Quote the records exactly, starting at the first line and stopping after the line with "As per Figure"; skip the pictures.

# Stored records
=== Section Start ===

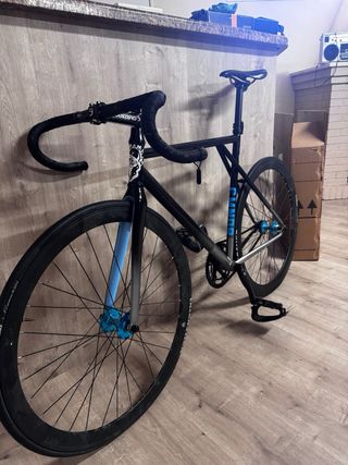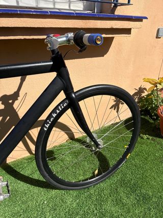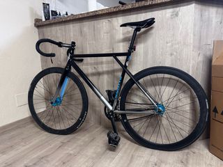Bicicleta con freno contrapedal, no es fixie, con cuadro aluminio, horquilla de carbono y detalles llamativos. Perfecta para ciudad. Algo negociable. Talla M. También añadiría un rueda delantera de radios blanca por si un dia prefieres poner la azul lenticular y otro una rueda normal de radios y cinta nueva verde para el manillar. Prefiero venta en persona por su tamaño, 150€ es muy buen precio,por mudanza la tengo q vender. Venta en persona o Solo envio por correos por su medida.
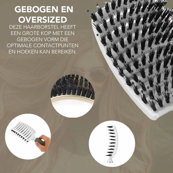 Gebogen en Oversized Head – Deze haarborstel heeft een grote kop met een gebogen vorm die optimale contactpunten en hoeken kan bereiken.
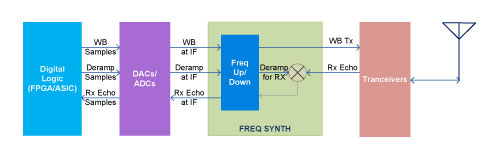 As per Figure 1, FPGA generates digital samples for Wide band and Deramp, Wide band for Radar transmission and Deramp for receiver path signal processing. Most of the systems use external DACs for getting IF analog outputs of FPGA samples, newer FPGA devices are capable of achieving direct RF signal generation with inbuilt high speed DACs.
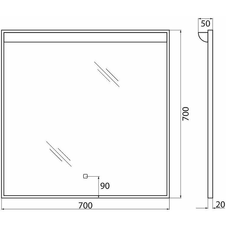 Зеркало BelBagno (Бельбагно) в алюминиевой раме с подсветкой с сенсорным выключателем SPC-UNO-700-700-TCH 700x50x800
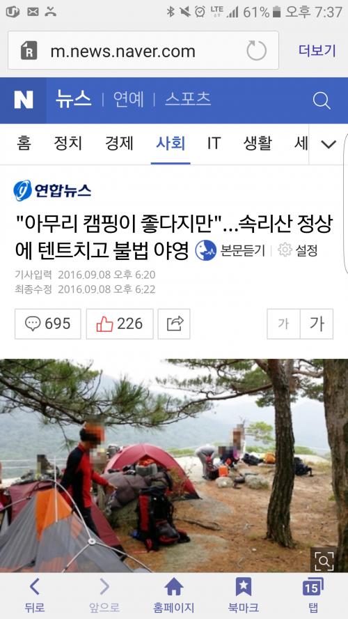 저도 아까 봤는데....속리산 정상에서 야영할 생각을.ㅡ.,ㅡ;;; | ||
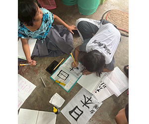 現地では、習字で「平和」や「愛」といった漢字を書いたり、折り紙(紙飛行機・かえる・ハート・手裏剣)やとんとん相撲など、日本の遊びを取り入れた交流活動を実施しました。言語の違いにより意思疎通に戸惑う場面もありましたが、子どもたちが積極的に参加してくれたことで、終始活気のある雰囲気の中で活動を行うことができました。
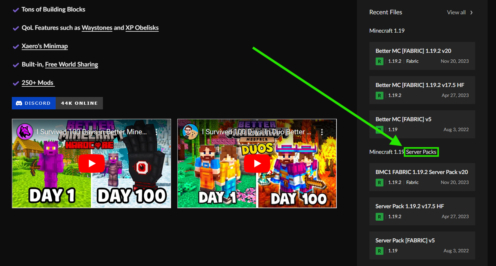 2. Pobierz modpack wersję modpacka przykładowo z tej strony. Pamiętaj, aby pobrać serwerową wersję paczki, czyli "Server Pack".
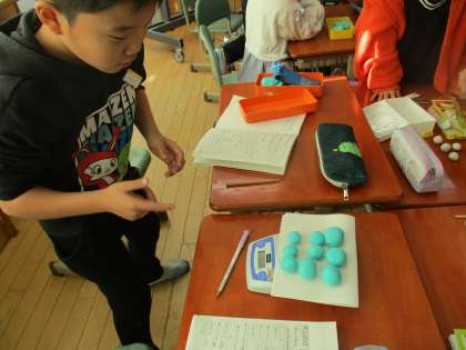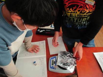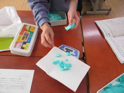 粘土やアルミニウムはくの形をかえて、重さがかわるかを調べました。形を丸くしてみたり、細かくしたりするなどし、重さに変化があるのか興味津々ではかりをのぞきこんでいました。
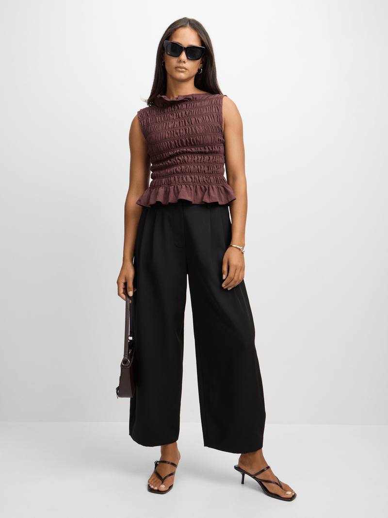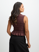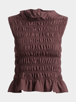 Get ready to turn heads in this stunning brown shirred top from Exact. Made from rayon blend fabric, this top features shirred detailing for a flattering fit. Perfect for any occasion, whether you dress it up or down.
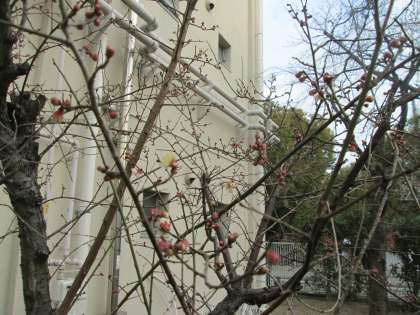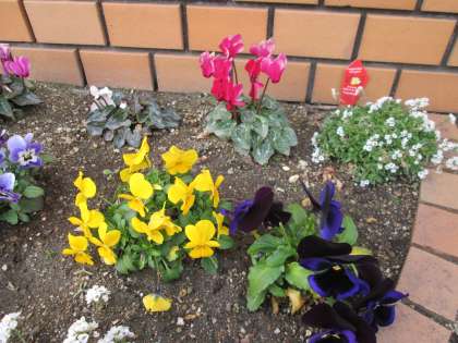 寒さと戦うパンジー・シクラメンは色鮮やかで、梅も、また一輪、開花しています。
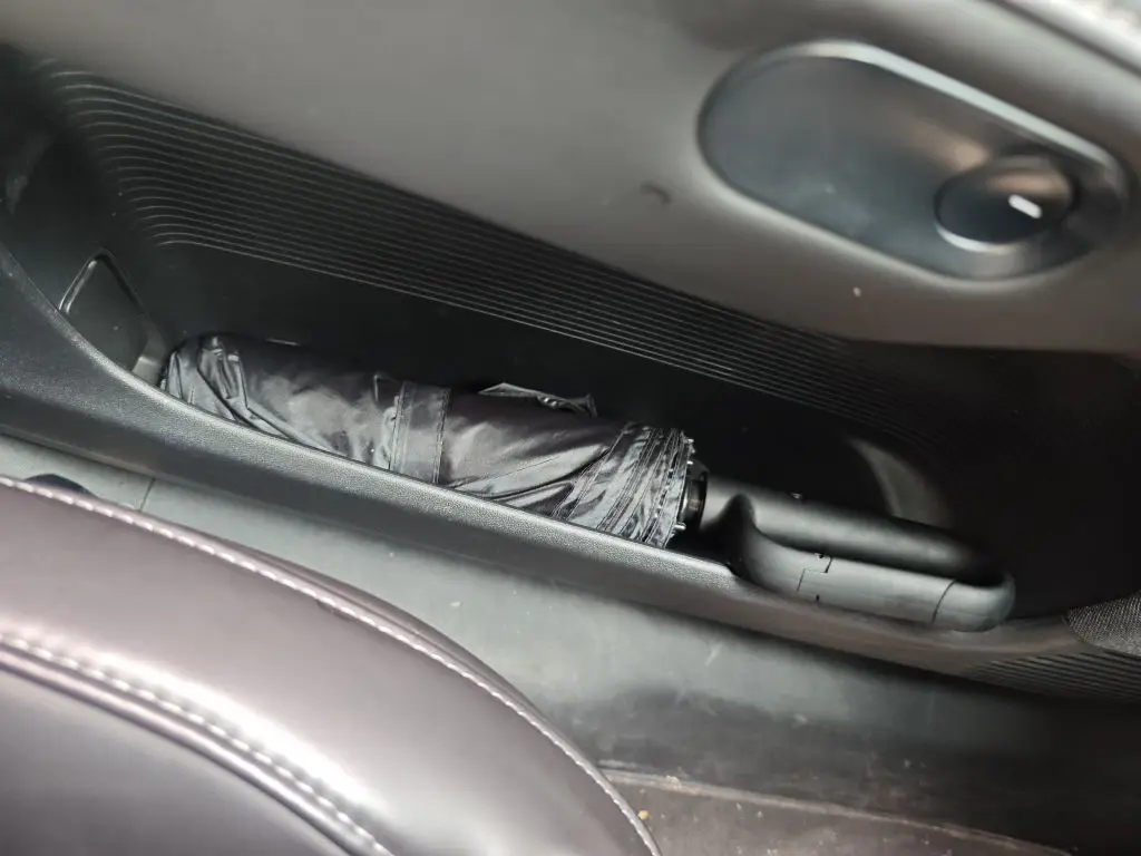 ①门把手小空间。门把手处和门板下方以及充电区域下方是很好的储物点,放钥匙、放雨伞都非常合适,需要用时拿起来也很方便。
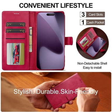 SKALO iPhone 17 Pro Max LC.IMEEKE Premium PU-læder Flip Cover - Cerise
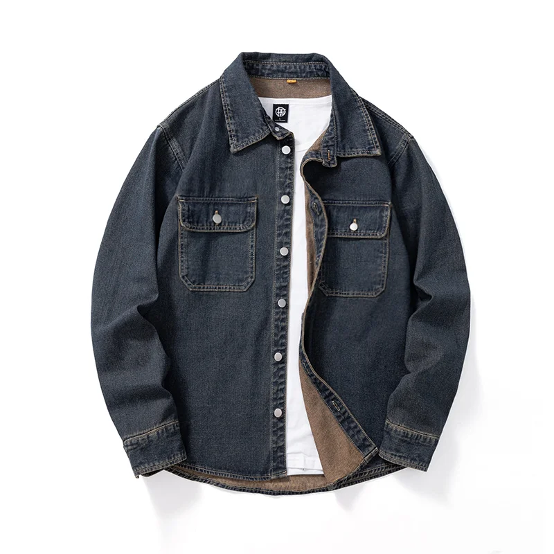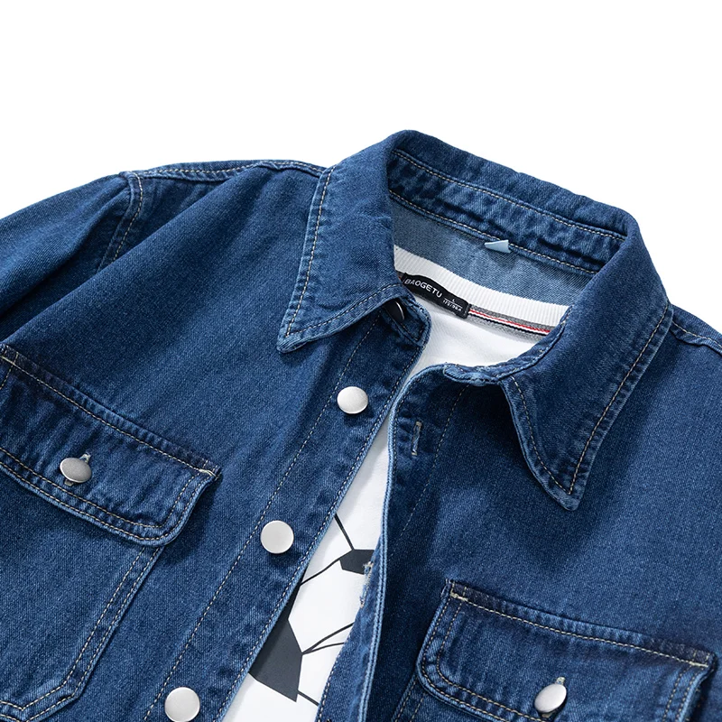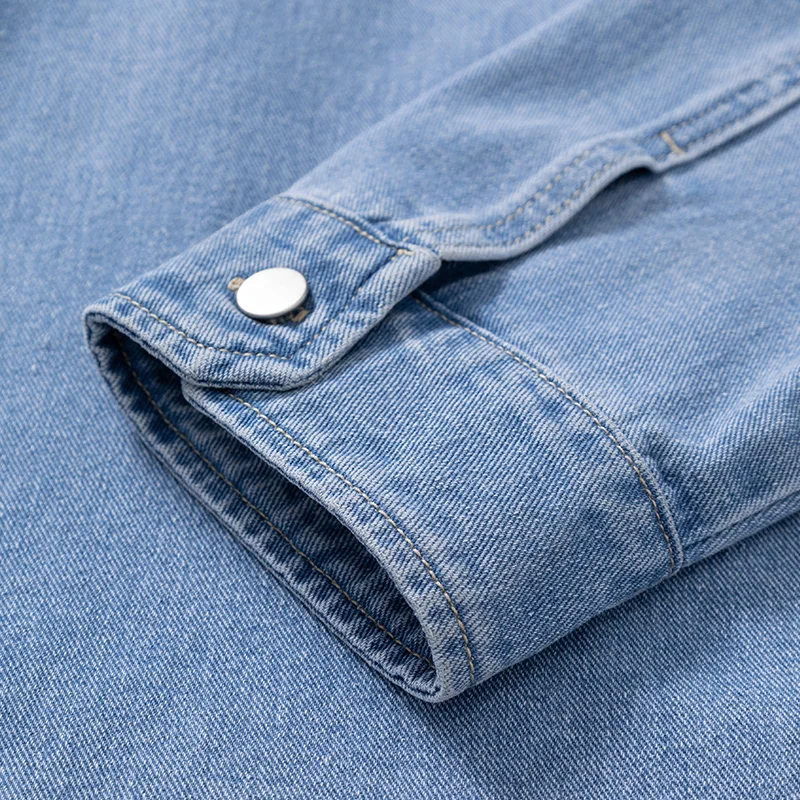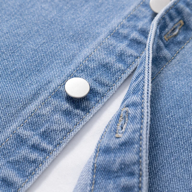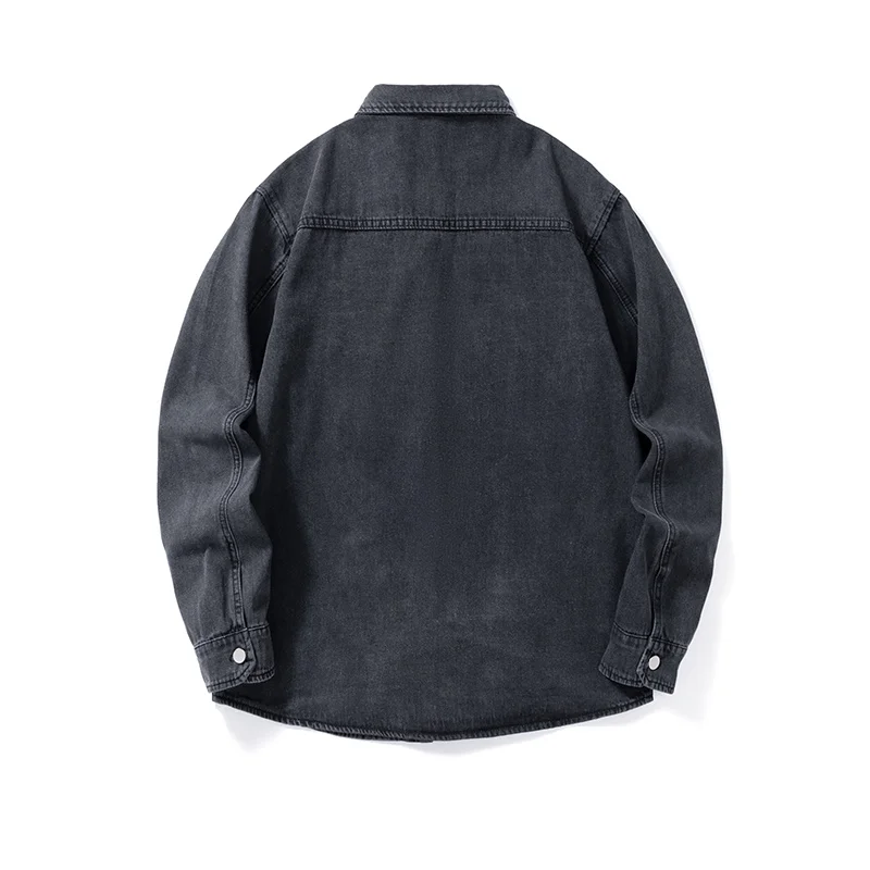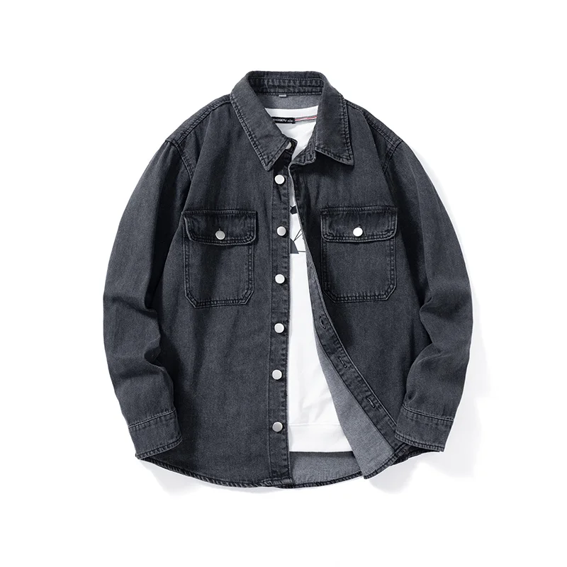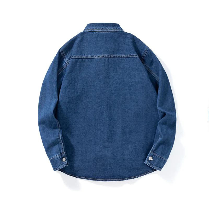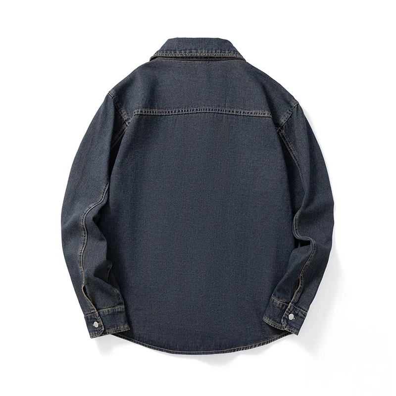 Solid color versatile spring and autumn non stretch denim loose fit shirt, classic style, multi-color selection suitable for goi
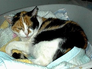 Um so verwunderter waren wir, als sie sich eines Tages von einem hingehaltenen kleinen Fleischwürfelchen angeekelt abwandte. Ein paar Stunden später sahen wir, dass sie krank war und sind sofort mit ihr zum Tierarzt gefahren. Eine grausame Woche nahm ihren Anfang. Sie bekam Antibiotika und fiebersenkende Mittel. Das Fieber sank, aber sie fraß nichts und das Mauzen wurde sehr selten und immer krächzender. Jeden Tag Tierarzt, Medikamente, Spritzen, Bluttests, usw. Wir versuchten sie mit Spritzen zu füttern, aber sie wurde immer schwächer und wir immer verzweifelter. Von FIP war die Rede und von Einschläfern. Wir konnten nicht glauben, dass unsere Katze innerhalb weniger Tage plötzlich todkrank sein sollte. Der TA machte noch den Versuch einer OP und stellte dabei dann aber fest, dass es keinen Sinn mehr hatte und ließ sie schlafen.
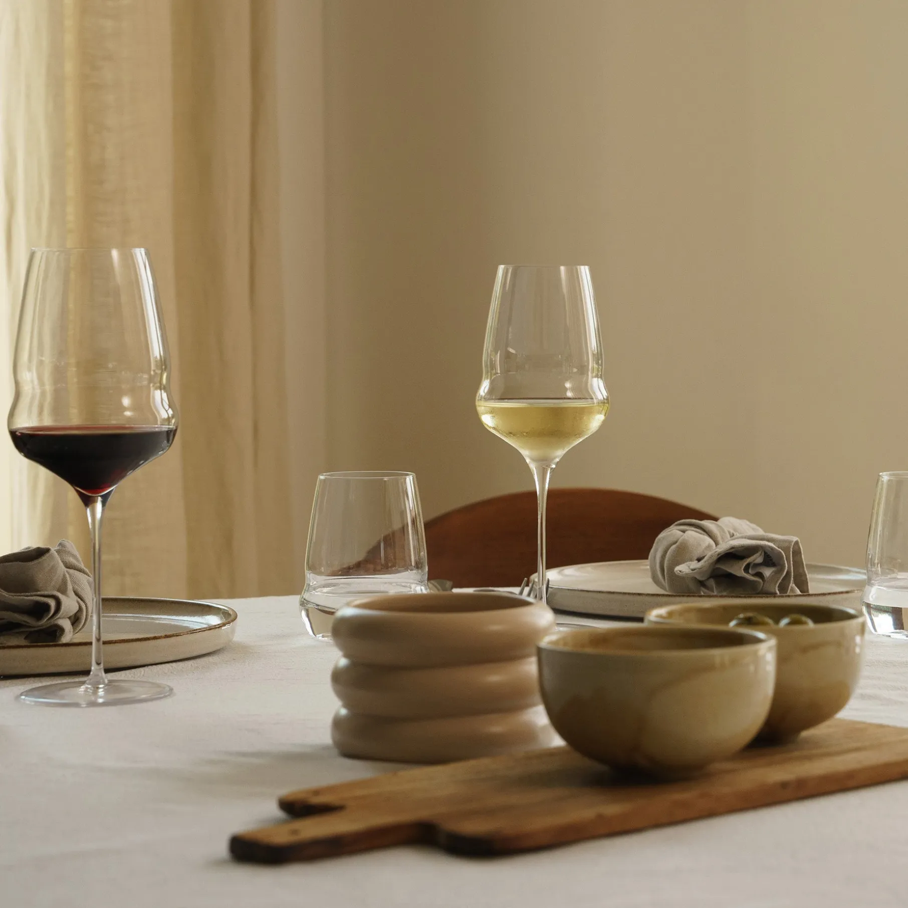 Et let hvidvinsglas med afrundet form, der understøtter vinens friskhed. Velegnet til både hvidvin og rosé – og til servering sammen med lette retter.

=== Section End ===

# YOUR RESPONSE
Bicicleta con freno contrapedal, no es fixie, con cuadro aluminio, horquilla de carbono y detalles llamativos. Perfecta para ciudad. Algo negociable. Talla M. También añadiría un rueda delantera de radios blanca por si un dia prefieres poner la azul lenticular y otro una rueda normal de radios y cinta nueva verde para el manillar. Prefiero venta en persona por su tamaño, 150€ es muy buen precio,por mudanza la tengo q vender. Venta en persona o Solo envio por correos por su medida.
 Gebogen en Oversized Head – Deze haarborstel heeft een grote kop met een gebogen vorm die optimale contactpunten en hoeken kan bereiken.
 As per Figure 1, FPGA generates digital samples for Wide band and Deramp, Wide band for Radar transmission and Deramp for receiver path signal processing. Most of the systems use external DACs for getting IF analog outputs of FPGA samples, newer FPGA devices are capable of achieving direct RF signal generation with inbuilt high speed DACs.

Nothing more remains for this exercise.